El sábado en la madrugada desperté alrededor de las 3 de la mañana, con un sentimiento de tristeza que me pesaba en el pecho. Inmediatamente reconocí que me había llevado conmigo todas las emociones que los presos con los que había convivido ese día proyectaron hacia mí. Me costó trabajo volver a dormir.
El domingo regresé a la segunda y última parte de una taller de alternativas a la violencia que había ido a cursar a la prisión. Al final del día, al despedirme, volví a irme con la misma tristeza, pero aún mayor que la del día anterior. Llamé a una amiga y estaba convencida de que mi paso por las montañas en mi camino de regreso a casa se encargaría de llevarse lo demás.
Yo no sé mucho de prisiones, a mí no me parece distinto un centro de detención de una prisión de máxima seguridad.
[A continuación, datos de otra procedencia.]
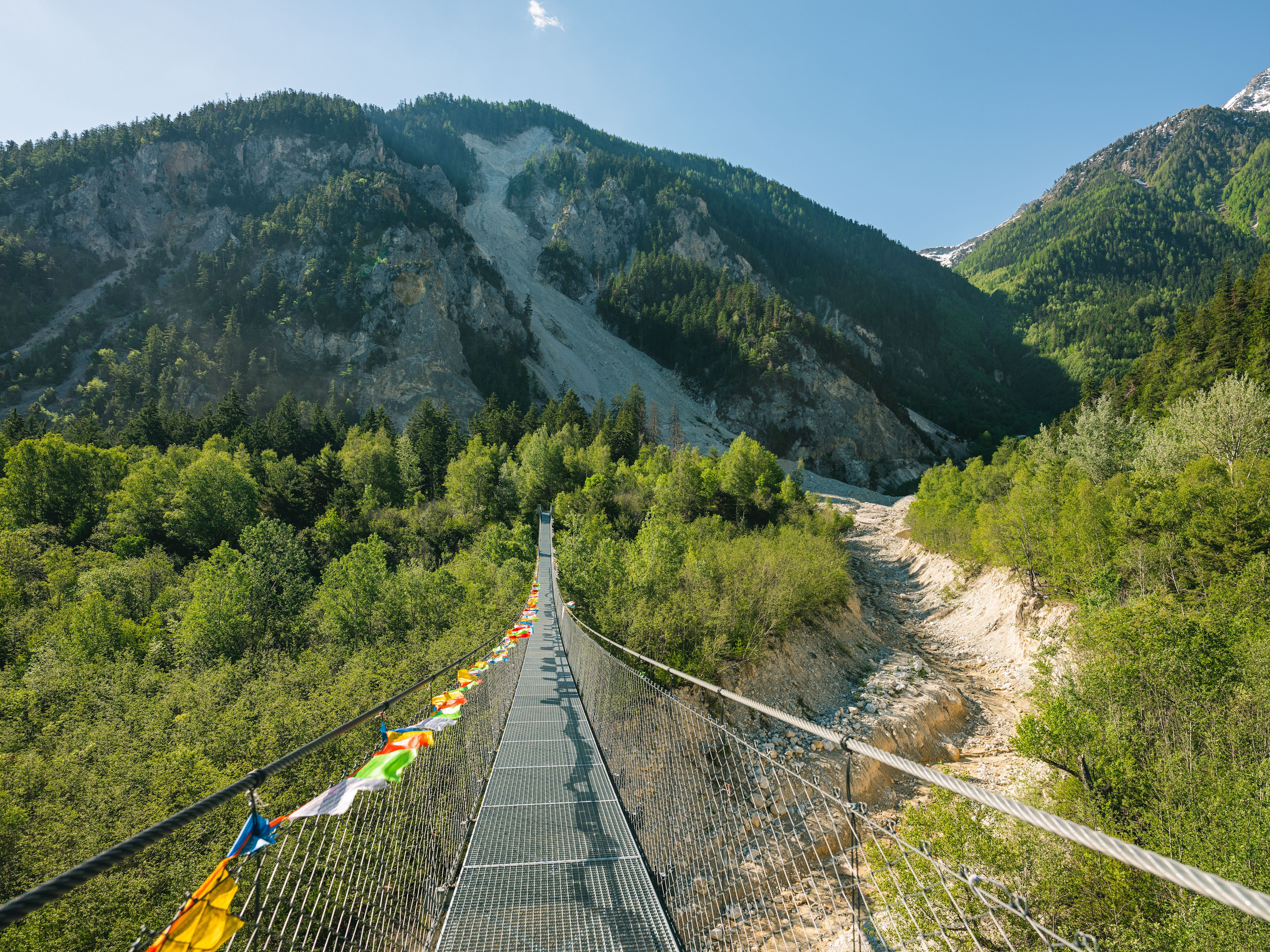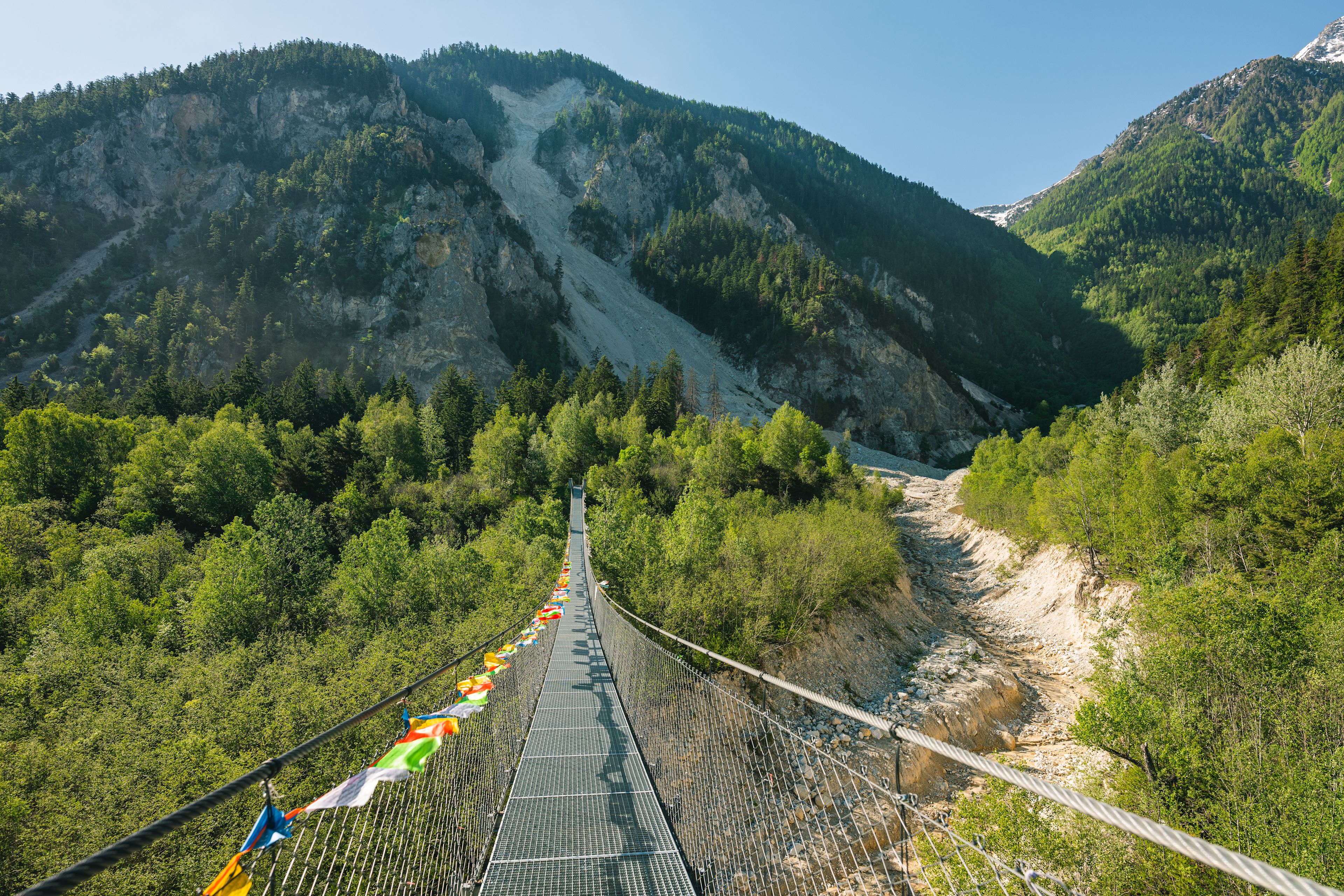 Auf einer Länge von 134 Metern überquert die Bhutanbrücke den Illgraben im Pfynwald. Die mit Gebetsfahnen drapierte Brücke bildet das Verbindungsstück zwischen dem deutschen und dem französischen Kantonsteil. Sie können sie über verschiedene Wanderwege erreichen, welche die archäologische Stätte des Illgrabens, auch Grand Canyon des Wallis genannt, durchqueren.

Ambos lugares son fríos, planos, tristes, pero uno de los presos me aseguró que sí hay diferencias y que en el lugar en el que se encontraba ahora era mucho mejor que en los anteriores.
La prisión a la que fui es de máxima seguridad y muchos de los presos tienen condenas de por vida o de muchos años. Se les va la vida en medio de la nada, oliendo a diario el ganado y abono, sintiendo la fuerza del sol y el aire sofocante del desierto en las pocas horas que pueden estar afuera, rodeados por paredes de cemento y alambres de púas.
El perdón es un tema central en su vida, el perdón que necesitan de la familia o familias de su(s) víctima(s), el que necesitan de sus propias familias, el que necesitan de la sociedad y el que necesitan de sí mismos. Es un mundo complejo el de ahí adentro, donde tienen horas para idear nuevas formas de meterse en problemas, donde tienen tiempo algunos de enamorarse y pensar en formar una familia aún cuando las posibilidades de dejar la prisión sean mínimas, donde pueden decidir cambiar su vida y soñar con terminar sus estudios de preparatoria para poder ir a la universidad cuando salgan. Alguien me pregunta cuánto se gana de maestro. Tal vez con deseo de alentarlo le explico el rango de pago de un maestro bilingüe. Dentro de mí pensaba en que tal vez lo podía convencer de que es una buena carrera, pero veo en su rostro que no se asombra por la cifra que le doy. Tal vez en la calle ganaba más, no quise preguntar.
Uno de ellos cuenta con orgullo que hace ya 15 años que decidió cambiar su vida y habla de las formas en las que el taller le ha ayudado. En una conversación individual me cuenta de su conversión al cristianismo y cuando pregunto un poco más me cuenta sobre los 14 años que pasó en solitario. Era un niño al llegar ahí, apenas 17 años y ya cumplió 47. "Ha cambiado mucho el mundo allá afuera" le digo...no creo que pueda imaginarse cuánto. Cuando le pregunto sobre qué es lo primero que quiere hacer cuando salga de la cárcel, sin titubear y con una sonrisa en el rostro me dice "Quiero ir a la playa, quiero meter los pies en el mar". Yo sonrío y le dejo saber que me parece una buena idea.
En más de una ocasión me dicen que esperan que yo regrese a trabajar con ellos, que esperan que yo haya podido ver otra faceta de ellos.
Tal vez le temen al olvido, tal vez ahora se dan cuenta que el olvido era la sentencia verdadera.